[TASK BRIEF]:
In the entries below, locate the line with "Paisaje. Mar con playa de arena con palmeras", then give again that line and all lines after it, exactly, with pictures omitted.

►

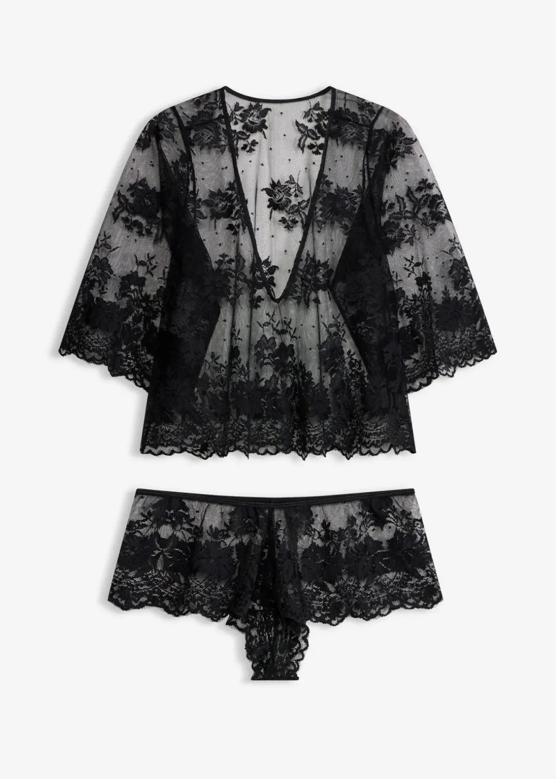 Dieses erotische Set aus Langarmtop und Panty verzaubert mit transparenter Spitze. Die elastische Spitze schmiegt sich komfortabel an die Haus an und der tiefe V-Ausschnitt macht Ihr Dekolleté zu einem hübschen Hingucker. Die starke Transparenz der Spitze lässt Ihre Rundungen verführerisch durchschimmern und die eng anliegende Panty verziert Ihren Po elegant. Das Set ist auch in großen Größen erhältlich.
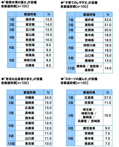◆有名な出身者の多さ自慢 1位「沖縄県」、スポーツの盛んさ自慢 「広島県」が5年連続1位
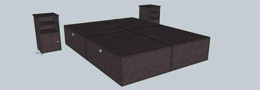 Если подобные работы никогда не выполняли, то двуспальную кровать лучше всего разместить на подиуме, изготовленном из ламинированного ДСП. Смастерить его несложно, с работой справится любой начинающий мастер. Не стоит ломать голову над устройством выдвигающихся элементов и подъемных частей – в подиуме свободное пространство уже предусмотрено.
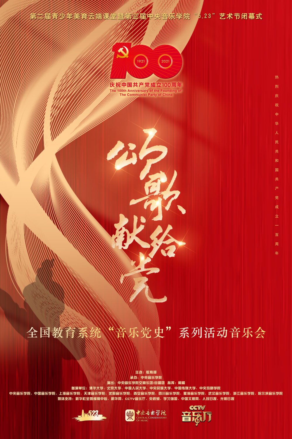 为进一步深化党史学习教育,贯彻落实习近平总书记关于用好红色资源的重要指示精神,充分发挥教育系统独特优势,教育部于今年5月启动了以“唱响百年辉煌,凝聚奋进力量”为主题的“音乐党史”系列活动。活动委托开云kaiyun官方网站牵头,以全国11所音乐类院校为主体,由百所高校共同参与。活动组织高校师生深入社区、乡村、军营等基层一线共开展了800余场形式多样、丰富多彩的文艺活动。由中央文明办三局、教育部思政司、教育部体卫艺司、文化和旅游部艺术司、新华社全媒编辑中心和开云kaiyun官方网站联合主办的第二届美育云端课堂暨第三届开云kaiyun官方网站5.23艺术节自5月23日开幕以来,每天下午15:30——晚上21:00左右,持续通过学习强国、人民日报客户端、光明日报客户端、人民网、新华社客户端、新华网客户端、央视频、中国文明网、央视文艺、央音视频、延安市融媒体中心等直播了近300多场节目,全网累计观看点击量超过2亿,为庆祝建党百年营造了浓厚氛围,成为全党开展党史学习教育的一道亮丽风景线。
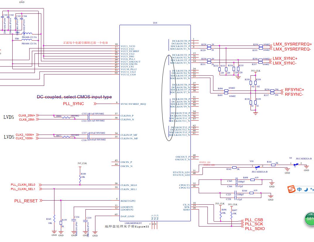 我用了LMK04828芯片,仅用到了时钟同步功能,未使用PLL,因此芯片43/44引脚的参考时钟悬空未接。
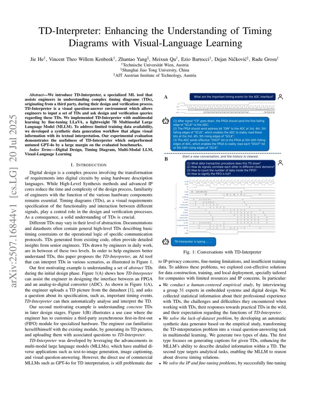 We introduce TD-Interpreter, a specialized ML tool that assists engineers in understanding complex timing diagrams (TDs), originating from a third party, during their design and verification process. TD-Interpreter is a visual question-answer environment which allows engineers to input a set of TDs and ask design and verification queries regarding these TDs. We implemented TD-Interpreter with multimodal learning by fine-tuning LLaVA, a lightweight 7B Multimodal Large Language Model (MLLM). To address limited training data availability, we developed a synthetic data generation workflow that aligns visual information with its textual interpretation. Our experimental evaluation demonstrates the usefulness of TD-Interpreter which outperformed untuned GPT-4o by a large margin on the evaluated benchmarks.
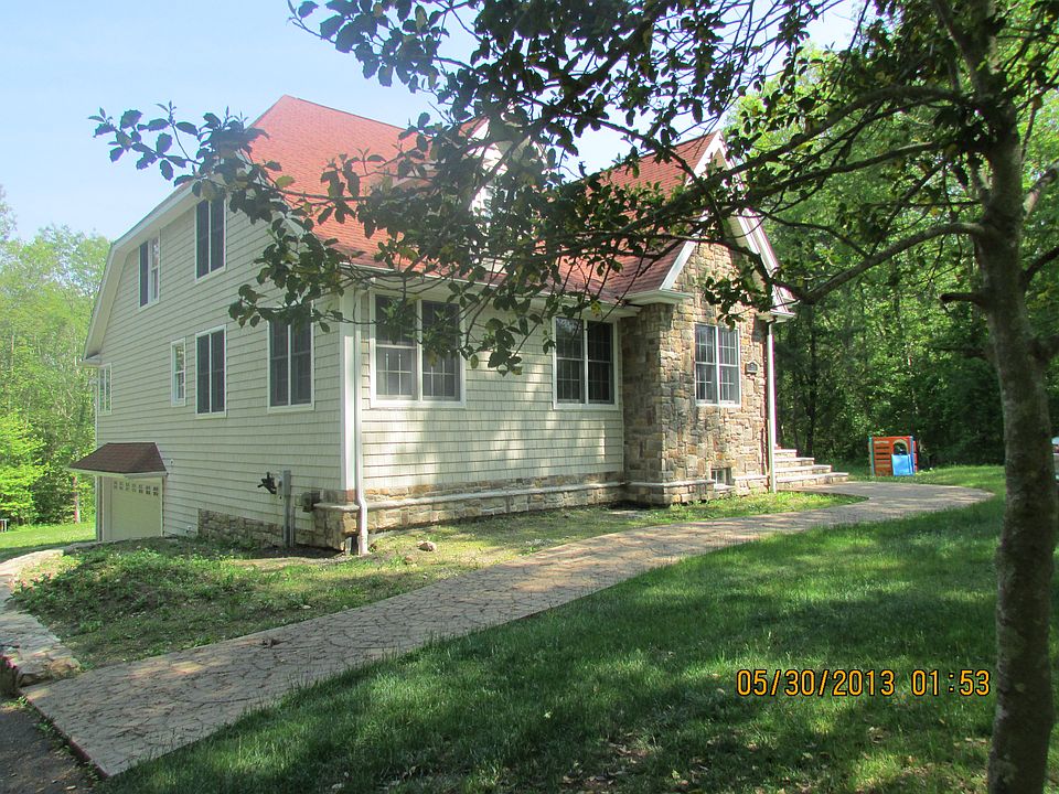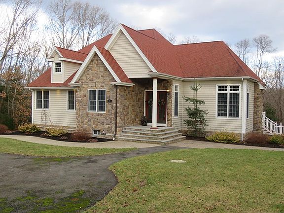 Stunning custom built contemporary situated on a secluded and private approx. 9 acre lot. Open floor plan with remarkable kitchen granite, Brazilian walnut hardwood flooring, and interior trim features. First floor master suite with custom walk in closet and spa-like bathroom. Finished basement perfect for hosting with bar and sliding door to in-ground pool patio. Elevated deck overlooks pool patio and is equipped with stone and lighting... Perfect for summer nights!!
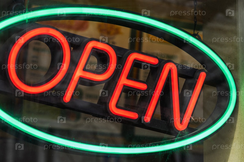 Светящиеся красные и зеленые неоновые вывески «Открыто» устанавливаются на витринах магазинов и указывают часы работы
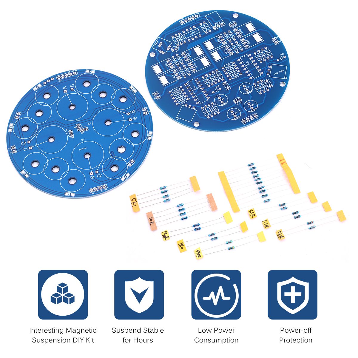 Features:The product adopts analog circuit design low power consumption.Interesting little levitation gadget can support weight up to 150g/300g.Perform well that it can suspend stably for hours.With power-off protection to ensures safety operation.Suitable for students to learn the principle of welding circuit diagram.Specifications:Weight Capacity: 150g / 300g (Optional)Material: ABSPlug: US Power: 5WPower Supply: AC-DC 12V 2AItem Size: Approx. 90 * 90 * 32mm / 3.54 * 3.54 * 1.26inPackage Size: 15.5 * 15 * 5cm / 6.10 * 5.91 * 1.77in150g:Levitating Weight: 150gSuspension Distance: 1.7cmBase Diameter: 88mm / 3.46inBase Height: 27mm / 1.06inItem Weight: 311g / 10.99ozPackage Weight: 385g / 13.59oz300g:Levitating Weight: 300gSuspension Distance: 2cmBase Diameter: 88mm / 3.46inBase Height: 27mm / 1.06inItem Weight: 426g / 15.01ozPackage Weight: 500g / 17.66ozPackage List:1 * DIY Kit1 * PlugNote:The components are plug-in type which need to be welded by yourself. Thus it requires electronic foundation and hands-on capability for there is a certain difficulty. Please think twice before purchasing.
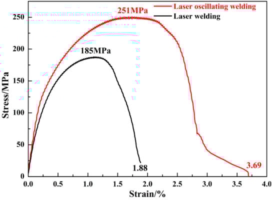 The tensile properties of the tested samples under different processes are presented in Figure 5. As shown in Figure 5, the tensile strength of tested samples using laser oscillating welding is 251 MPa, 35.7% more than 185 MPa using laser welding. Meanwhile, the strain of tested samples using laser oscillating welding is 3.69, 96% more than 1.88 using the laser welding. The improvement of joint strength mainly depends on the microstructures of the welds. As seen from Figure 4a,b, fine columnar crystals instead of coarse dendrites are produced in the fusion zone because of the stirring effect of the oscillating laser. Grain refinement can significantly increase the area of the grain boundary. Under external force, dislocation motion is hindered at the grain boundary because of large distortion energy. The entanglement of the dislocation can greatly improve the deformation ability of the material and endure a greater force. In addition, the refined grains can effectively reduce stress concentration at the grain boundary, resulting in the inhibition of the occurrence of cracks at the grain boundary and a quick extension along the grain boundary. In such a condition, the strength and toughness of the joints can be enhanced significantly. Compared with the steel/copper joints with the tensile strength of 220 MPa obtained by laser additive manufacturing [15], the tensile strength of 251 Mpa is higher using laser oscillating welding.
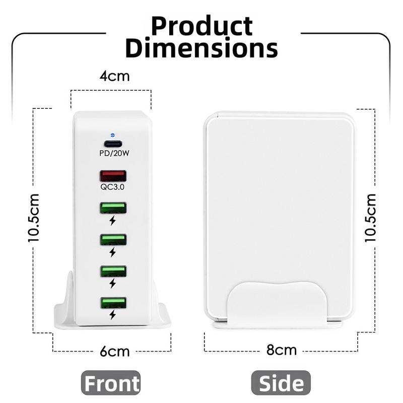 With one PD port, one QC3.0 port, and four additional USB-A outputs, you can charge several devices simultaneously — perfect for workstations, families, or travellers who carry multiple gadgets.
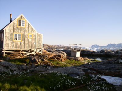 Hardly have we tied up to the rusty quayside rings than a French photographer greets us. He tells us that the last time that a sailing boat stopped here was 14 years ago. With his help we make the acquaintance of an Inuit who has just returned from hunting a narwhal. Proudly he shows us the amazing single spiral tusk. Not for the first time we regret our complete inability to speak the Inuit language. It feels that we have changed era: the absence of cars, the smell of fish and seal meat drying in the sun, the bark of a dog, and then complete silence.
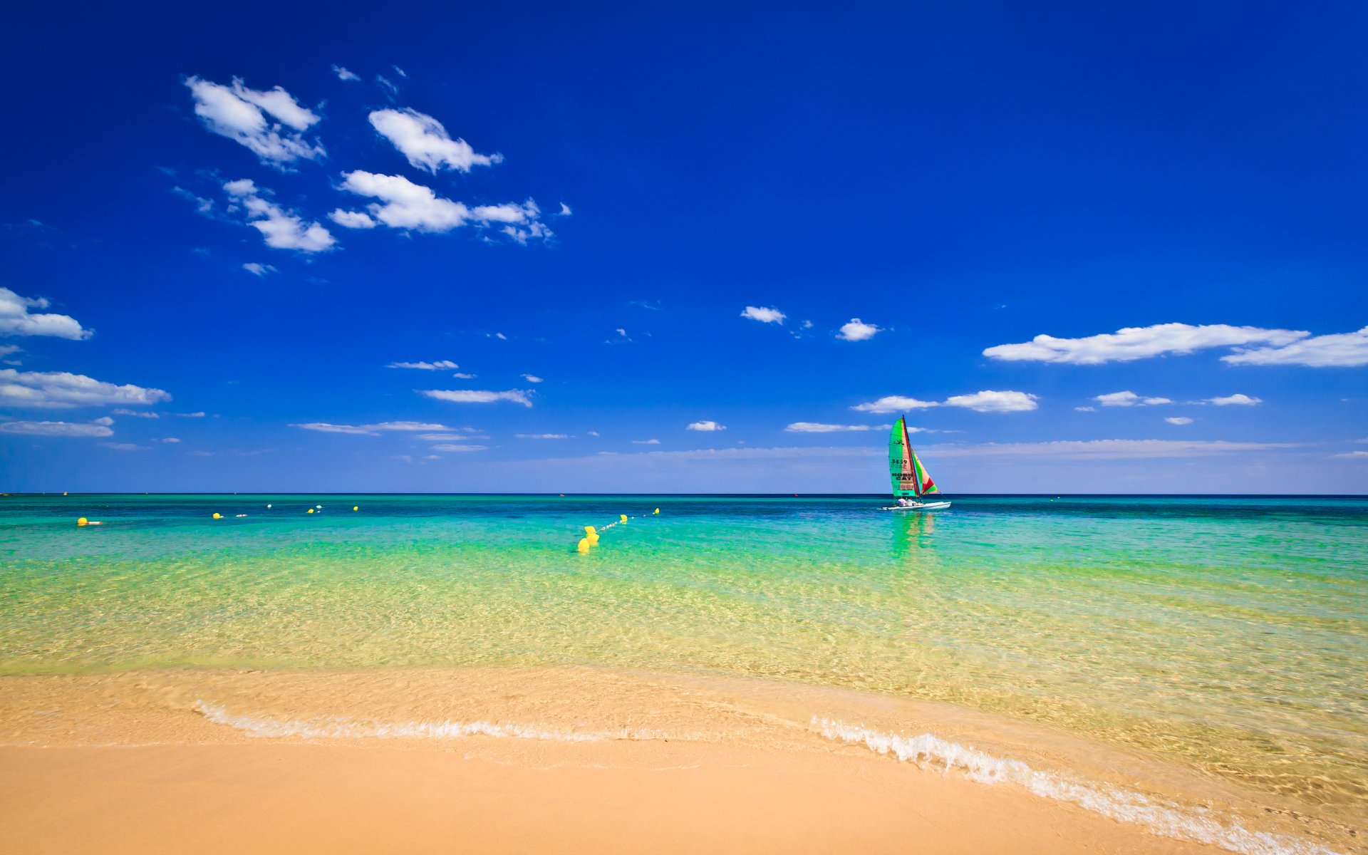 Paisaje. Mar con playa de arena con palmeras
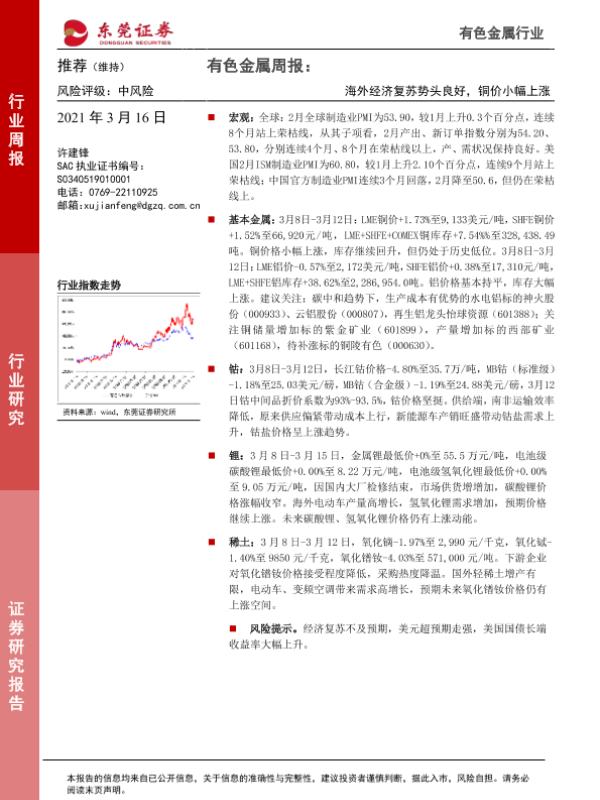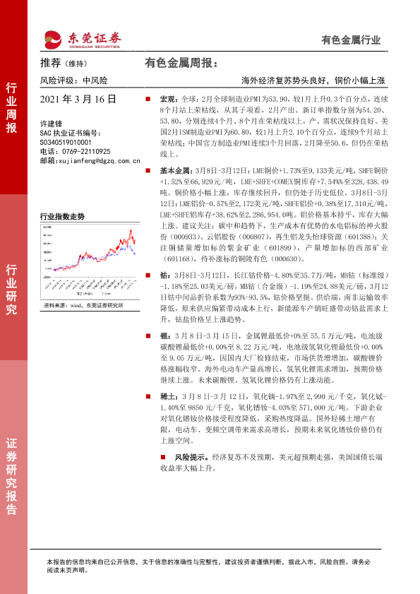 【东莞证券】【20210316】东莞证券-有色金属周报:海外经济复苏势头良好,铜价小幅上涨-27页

◄

[SOLUTION TO THE PROBLEM]:
 Paisaje. Mar con playa de arena con palmeras
 【东莞证券】【20210316】东莞证券-有色金属周报:海外经济复苏势头良好,铜价小幅上涨-27页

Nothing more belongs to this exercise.